TASK DESCRIPTION>
Leaving out the images, reproduce every line of the data that follows exactly.

GIVEN MATERIAL>
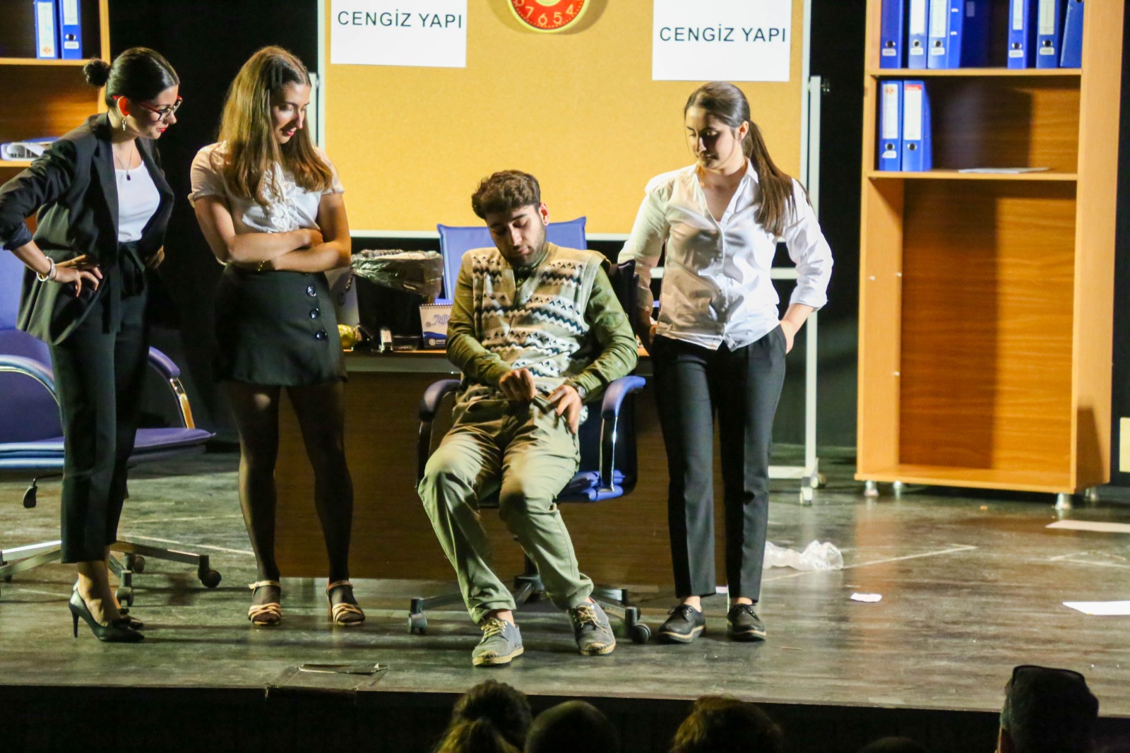 Savaş olgusuna farklı bir bakış getirerek, mizah ve dramı iç içe yaşatan, Fernando Arrabal'in kara mizah türünde kaleme aldığı Cephene Piknik adlı tiyatro oyununu da sahneleyen öğrenciler izleyicilerden büyük alkış aldı.
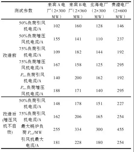 表1廣西4個(gè)電廠鍋爐引風(fēng)機(jī)、增壓風(fēng)機(jī)及系統(tǒng)阻力數(shù)據(jù)匯總表
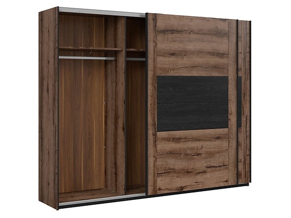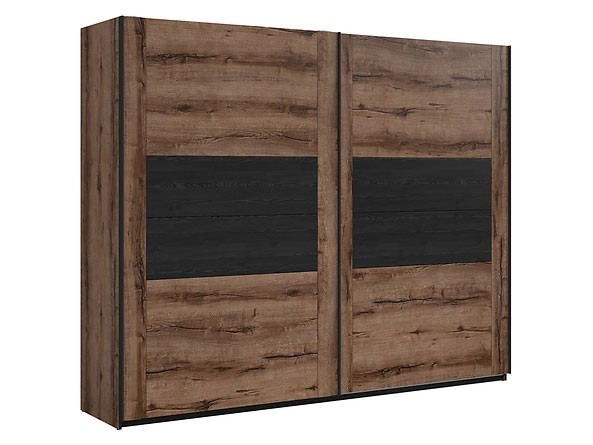 Garderobna omara z drsnimi vrati KASSEL nudi obešalni palici in polici kamor boste shranjevalni in obešali vaše stvari. Garderobna omara je modernega izgleda in na voljo v kombinaciji barve samostanskega hrasta in črnega hrasta.
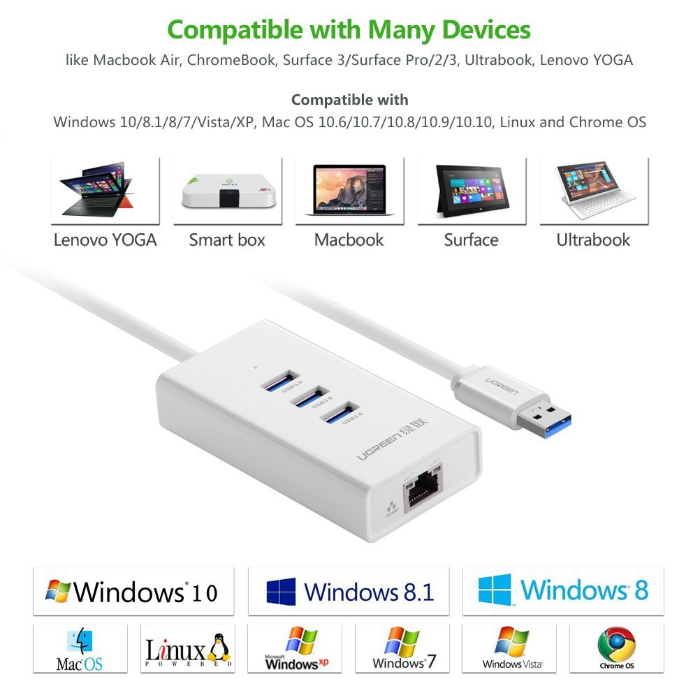 - Thông tin sản phẩm :+ Cáp HUB USB 3.0 + LAN 100Mbps chính hãng UGREEN 20262 là phụ kiện cao cấp giúp kết nối máy tính, laptop của bạn với cổng mạng lan rj45 với tốc độ cao lên đến 10/100Mbps thông qua cổng usb, giải pháp hoản hảo dành cho các máy tính không tích hợp cổng lan hoặc thay thế khi bị hỏng.

PROBLEM SOLUTION>
 Savaş olgusuna farklı bir bakış getirerek, mizah ve dramı iç içe yaşatan, Fernando Arrabal'in kara mizah türünde kaleme aldığı Cephene Piknik adlı tiyatro oyununu da sahneleyen öğrenciler izleyicilerden büyük alkış aldı.
 表1廣西4個(gè)電廠鍋爐引風(fēng)機(jī)、增壓風(fēng)機(jī)及系統(tǒng)阻力數(shù)據(jù)匯總表
 Garderobna omara z drsnimi vrati KASSEL nudi obešalni palici in polici kamor boste shranjevalni in obešali vaše stvari. Garderobna omara je modernega izgleda in na voljo v kombinaciji barve samostanskega hrasta in črnega hrasta.
 - Thông tin sản phẩm :+ Cáp HUB USB 3.0 + LAN 100Mbps chính hãng UGREEN 20262 là phụ kiện cao cấp giúp kết nối máy tính, laptop của bạn với cổng mạng lan rj45 với tốc độ cao lên đến 10/100Mbps thông qua cổng usb, giải pháp hoản hảo dành cho các máy tính không tích hợp cổng lan hoặc thay thế khi bị hỏng.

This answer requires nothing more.